For younger patients, the median interval of progression-free survival was 23.9 weeks compared with 26.3 weeks for older patients. The percentage of older patients who had a complete response, partial response, or stable disease was 84.3 percent compared with 83.5 percent for younger patients. Adverse events, such as rash, diarrhea, and fatigue, were predictable and manageable regardless of age, the authors said.

The findings support the use of sorafenib for advanced kidney cancer in all age groups, the researchers conclude.

No Survival Benefit from Adjuvant Chemo in Stage 1B NSCLC

Long-term results of the only randomized trial, CALGB 9633, designed specifically to evaluate the benefits of adjuvant chemotherapy in patients with stage 1B non-small-cell lung cancer (NSCLC) show that, after a median of 6 years of follow up, the paclitaxel-plus-carboplatin regimen offers no survival advantage.

These findings, published online September 22 in the Journal of Clinical Oncology, contradict preliminary results of the same trial reported in 2004. The trial was terminated ahead of schedule in November 2003, based on slightly less than 3 years of follow-up, after data showed reductions in both lung cancer deaths and deaths from any cause in patients randomly assigned to the chemotherapy arm.
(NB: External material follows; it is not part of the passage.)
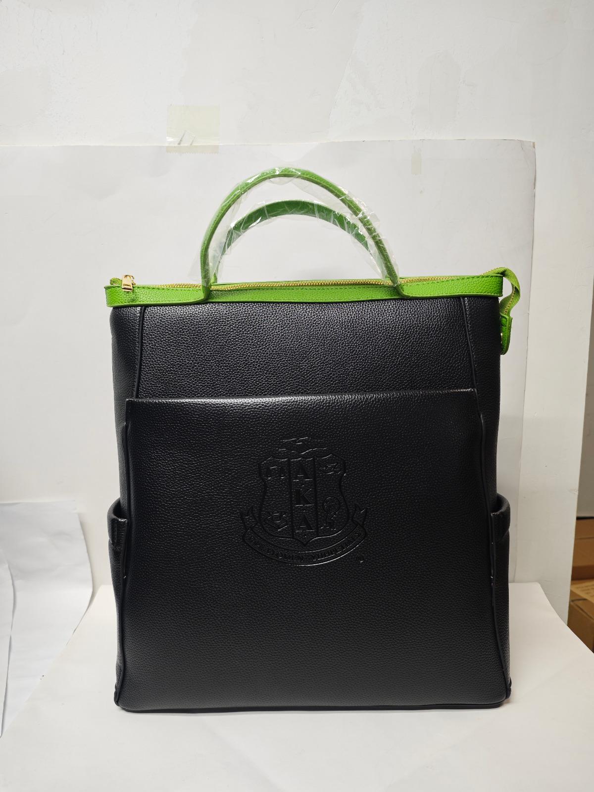 The exterior features a subtle yet striking green embossed shield, combining function with sorority style.

Guidelines released last November on adjuvant chemotherapy for patients being treated for NSCLC endorsed its use in patients with more advanced stages of the disease (IIA, IIB, IIIA), but concluded that the data on its use in patients with stage 1B disease were still inconclusive.

"Unfortunately, with longer follow-up, our encouraging preliminary findings have not been sustained," wrote Dr. Gary M. Strauss, of Tufts Medical Center in Boston, and colleagues. "Clearly, our results do not support routine use of adjuvant chemotherapy as standard of care in stage 1B NSCLC."

Three previous multicenter randomized trials of cisplatin-based adjuvant chemotherapy have also failed to show a survival advantage in patients with stage 1B NSCLC, although those trials did show that chemotherapy extended survival for patients with stage II or IIIA disease. In addition, a meta-analysis of five trials involving more than 4,500 patients failed to show a benefit of chemotherapy in patients with stage 1B disease.

A secondary analysis of CALGB 9633 suggests that chemotherapy did extend survival and delay disease recurrence for patients whose tumors measured at least 4 cm in diameter. A meta-analysis is now underway to further explore this observation.